▶ Records for the task

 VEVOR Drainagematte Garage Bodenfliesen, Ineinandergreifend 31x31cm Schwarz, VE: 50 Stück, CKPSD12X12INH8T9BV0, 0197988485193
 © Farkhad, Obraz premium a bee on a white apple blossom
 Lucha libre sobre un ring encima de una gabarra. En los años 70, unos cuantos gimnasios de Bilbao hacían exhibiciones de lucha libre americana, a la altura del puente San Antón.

==

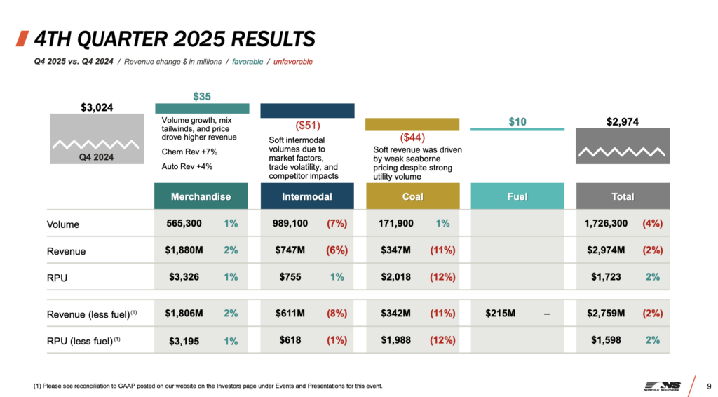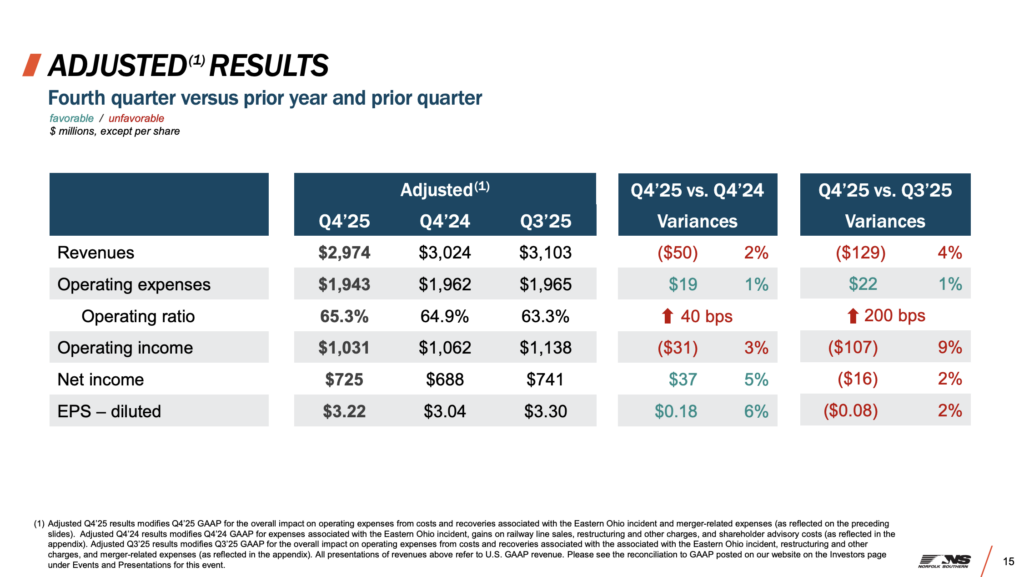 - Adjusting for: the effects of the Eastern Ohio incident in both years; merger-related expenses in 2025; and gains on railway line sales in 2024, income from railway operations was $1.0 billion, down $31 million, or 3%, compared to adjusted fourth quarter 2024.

--

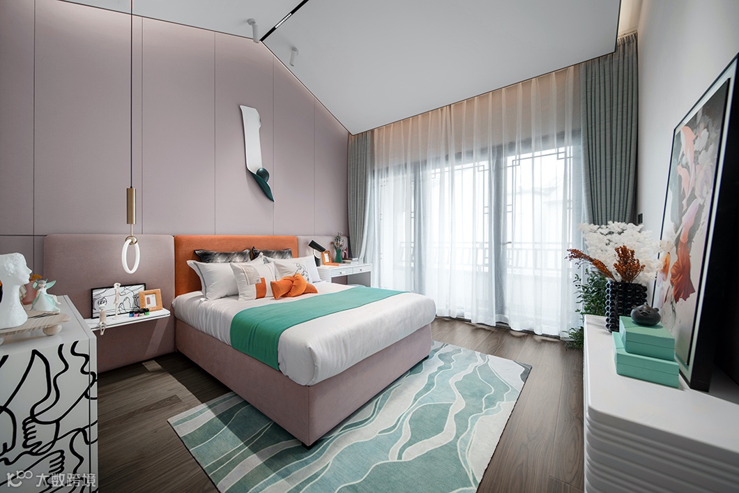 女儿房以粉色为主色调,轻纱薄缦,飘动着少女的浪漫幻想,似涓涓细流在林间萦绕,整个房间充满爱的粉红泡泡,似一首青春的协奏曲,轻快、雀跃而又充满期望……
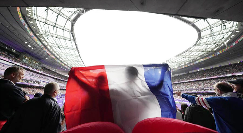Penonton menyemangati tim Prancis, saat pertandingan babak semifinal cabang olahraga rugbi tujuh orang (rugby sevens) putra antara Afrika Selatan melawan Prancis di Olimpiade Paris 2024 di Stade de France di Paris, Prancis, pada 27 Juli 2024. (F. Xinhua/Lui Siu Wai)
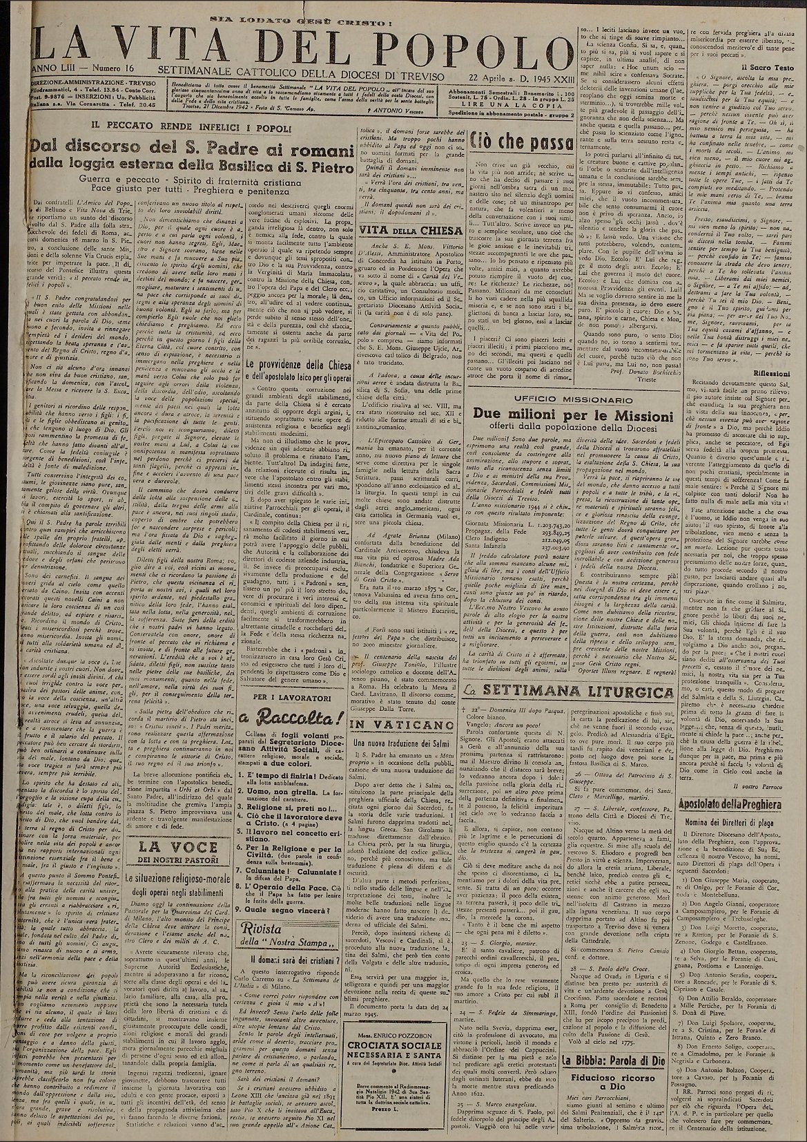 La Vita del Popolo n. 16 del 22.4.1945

▶ Goal of the exercise
Print exactly the lines of the listing above starting at the line containing "VEVOR Drainagematte Garage" and ending at the line containing "Lucha libre sobre", both included.

▶ Completed task
 VEVOR Drainagematte Garage Bodenfliesen, Ineinandergreifend 31x31cm Schwarz, VE: 50 Stück, CKPSD12X12INH8T9BV0, 0197988485193
 © Farkhad, Obraz premium a bee on a white apple blossom
 Lucha libre sobre un ring encima de una gabarra. En los años 70, unos cuantos gimnasios de Bilbao hacían exhibiciones de lucha libre americana, a la altura del puente San Antón.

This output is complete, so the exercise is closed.